Correlation of X/Z with Y vs X with YZ

Question

Let’s say that $X$, $Y$ and $Z$ have some fat tailed distribution, $X$ and $Y$ are stock returns, i.e., the sample set can have both positive and negative values. While $Z$ is some random variable such that it has a positive skew but $Z$ always assumes positive values. Then would it be fair to assume: $$Cor(X/Z, Y) = Cor(X, YZ)$$

Using actual data one of them is positive while other is negative. How is that possible?

Edit / Extension

Both the answers by @Tim and @SextusEmpiricus are good validation of my empirical observation above. However, I do not fully appreciate it yet.

Say I fit following two linear regression models:

$$X = \beta_1 * Y * Z$$

$$X / Z = \beta_2 * Y$$

Let’s say second model, i.e., $\beta_2$ is a better model with higher $R^2$ then I can get better estimate of $\hat{X}$ using $Z * \beta_2 * Y$ than say $\beta_1 * Y * Z$?

One problem is that you haven't fully specified the models, because you forgot the error terms. If the first one is $$X = \beta_1 Y Z + \epsilon,$$ (with the usual assumptions on $\epsilon:$ namely, zero-mean, independent, and of common variance) then the second one must be $$X/Z = \beta_2 Y + \epsilon/Z.$$ The latter won't even be defined when $Z=0,$ but even worse, the variances of the errors now vary with $Z.$ — whuber, Jul 28 '23 at 20:39

Tim · Answer 1 · 2023-07-28T09:11:40.607

6

Why would that hold? You state nothing about the relation between $X$ and $Z$ and between $Y$ and $Z$. The correlation would influence the results. To convince yourself, create a synthetic dataset where the variables are positively or negatively correlated and check what happens. TL;DR the equality does not hold, the sign of the correlation can change.

> set.seed(42)
> N <- 100
> X <- rnorm(N)
> Y <- rnorm(N)
> Z <- rnorm(N)
> cor(cbind(X,Y,Z))
##             X          Y           Z
## X  1.00000000 0.03127984 -0.14477734
## Y  0.03127984 1.00000000  0.07122699
## Z -0.14477734 0.07122699  1.00000000
> cor(X/Z, Y)
[1] 0.05534386
> cor(X, Y*Z)
[1] -0.202128

Notice that even if you increase the $N$ to something large (like 100k samples), the correlations between the variables would be close to zeros (they are independent, so the correlation in the smaller sample was by chance), but still the equality won't hold.

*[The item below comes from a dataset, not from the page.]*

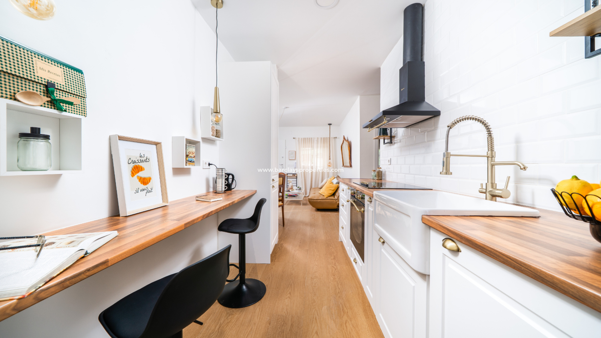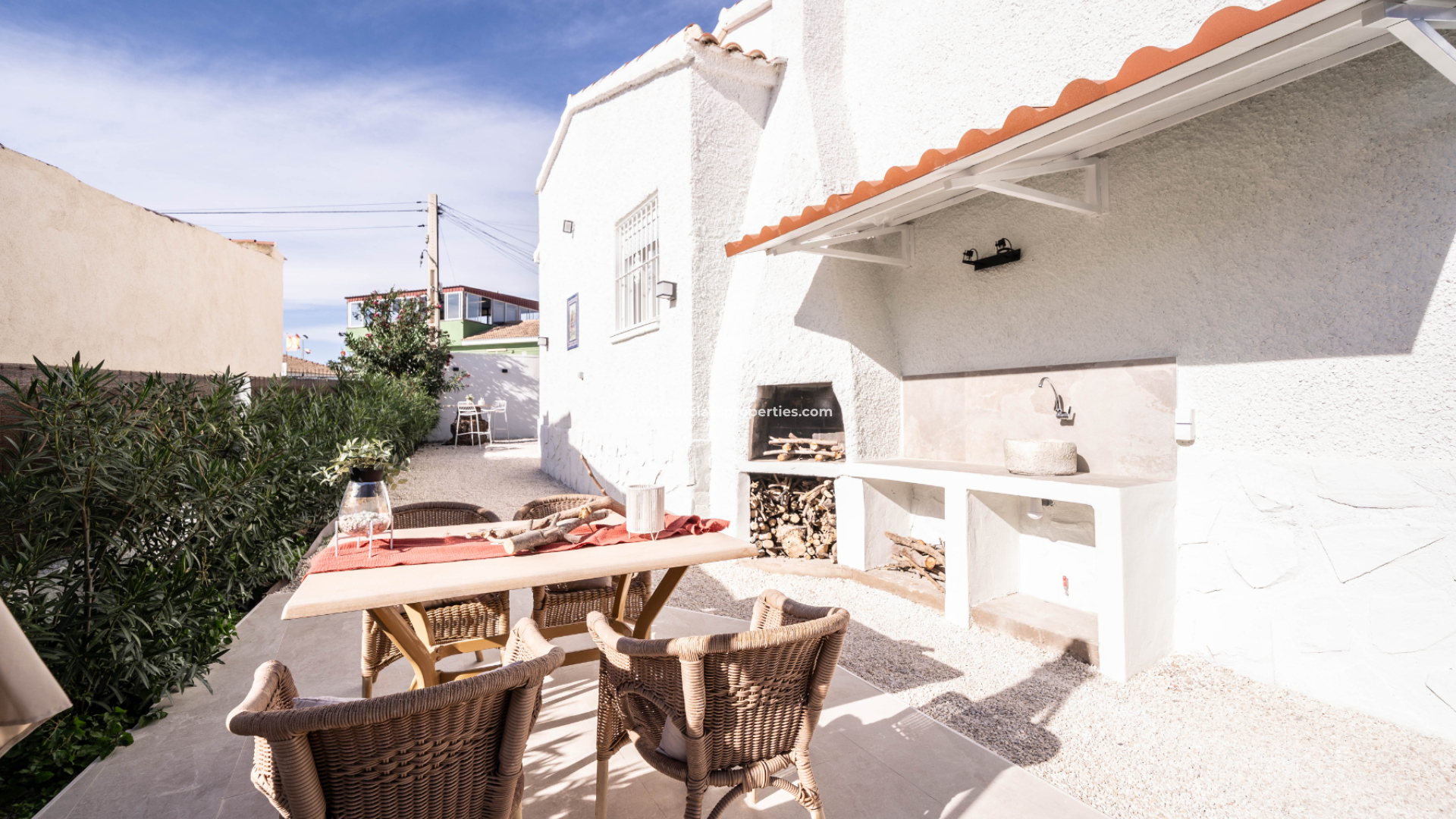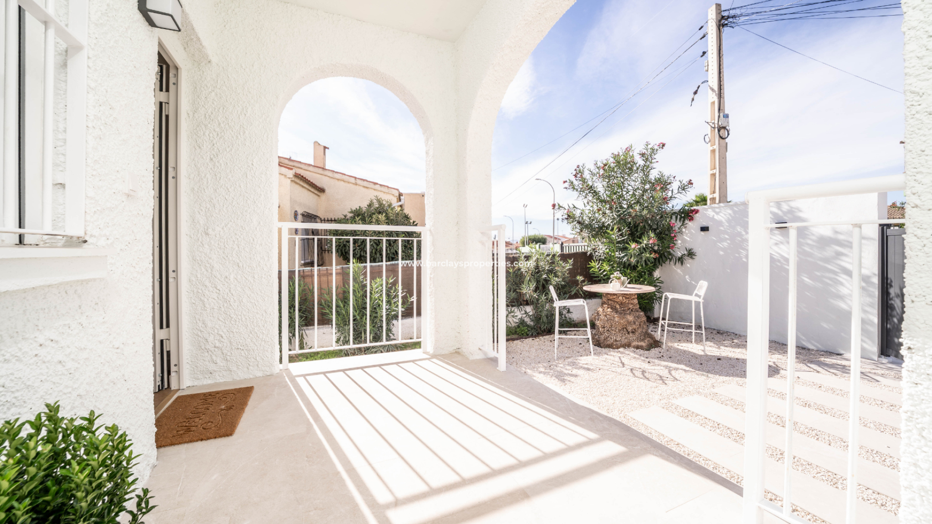 This charming, completely refurbished detached villa on a single level in Urb La Marina, San Fulgencio, is a perfect blend of modern comfort and Spanish coastal living. Featuring ➡️ 2 bedrooms and 1 bathroom within a cosy 63 m² build on a generous 253 m² plot, it comes fully furnished with white goods included and boasts air conditioning for year-round enjoyment. The stylish interior showcases a bright, open-plan living and dining area with attractive wood flooring, a modern independent kitchen featuring white subway tiles, a black range hood, and gold-tone accents, and a dedicated utility room. Outside, you'll find a welcoming front terrace, a graveled garden with a sun-awning and a ➡️ pleasant outdoor dining/barbecue area, a convenient cover parking area with an electric gate, and excellent security thanks to a reinforced security door and double-glazed windows. Located just a 2 minute walk to the neighbouring and very popular "Sports Complex" with outdoor pool, trampolines and crazy golf as well as 3 km from the beach, ➡️ 500 metres from amenities, and offering great rental potential, this quiet area yet close-to-everything property is a superb investment opportunity.

edited Jul 28 '23 at 09:11

answered Jul 28 '23 at 09:00

Tim

138,066

Since theoretically both correlations are equal, this is not a true counter-example. In a general case, both correlations are equal when $Z$ is constant. – Xi'an Jul 28 '23 at 10:06
@Xi'an agree, and I even mention in my answer that in the example the empirical correlation is by pure chance. The example is just to show that it is rather trivial to produce a counterexample. With true non-zero correlation, this would also hold, but I feel like a counterexample is enough here. – Tim Jul 28 '23 at 10:12
Thanks @Tim. $Z$ is very close to $Stdev(Y)$ – Gerry Jul 28 '23 at 13:43
@Gerry I'm not sure what you mean by that. The standard deviation of $Y$ is a constant and it tells us noting about how they are correlated. – Tim Jul 28 '23 at 13:46
Its a rolling timeseries of stdev of Y. If we think of $Y_i$ as return of multiple stocks then $Z_i$ is a stdev of rolling timeseries of $Y_i$. Here, $Y$ is collection of return of $n$ stocks $0<i<=n$ – Gerry Jul 28 '23 at 14:07
@Tim the simulation validates the empirical outcome using normal RVs. However, I am not quite sure if I fully appreciate it. Say I run a linear regression to estimate $X$ using $Y$ and $Z$. Does this mean $b_1 \neq b_2$ in following two models: $X = b_1 * Y* Z$ and $X / Z = b_2 * Y$ ? – Gerry Jul 28 '23 at 16:45
Let’s say $b_2$ is a better model with higher $R^2$ then I can get better estimate of $\hat{X}$ using $Z * b_2 * Y$ than say $b_1 * Y * Z$? – Gerry Jul 28 '23 at 17:05
@Gerry it's a different question, but the two regression models are different—you omitted the error term in the model, if you add it you will see they're not equivalent. – Tim Jul 28 '23 at 17:50
Let us continue this discussion in chat. – Gerry Jul 28 '23 at 18:13
Thanks @Tim . Agreed about error term. My point is that it is possible to improve model for $\hat{X}$ by just moving variables around and/or changing the order of regression. It’s a separate question but that is how I got this observation. – Gerry Jul 28 '23 at 18:29
@Gerry it may be possible but those would be different models that may not be equivalent. – Tim Jul 28 '23 at 18:35

Sextus Empiricus · Accepted Answer · 2023-07-28T20:17:13.747

Using actual data one of them is positive while other is negative. How is that possible?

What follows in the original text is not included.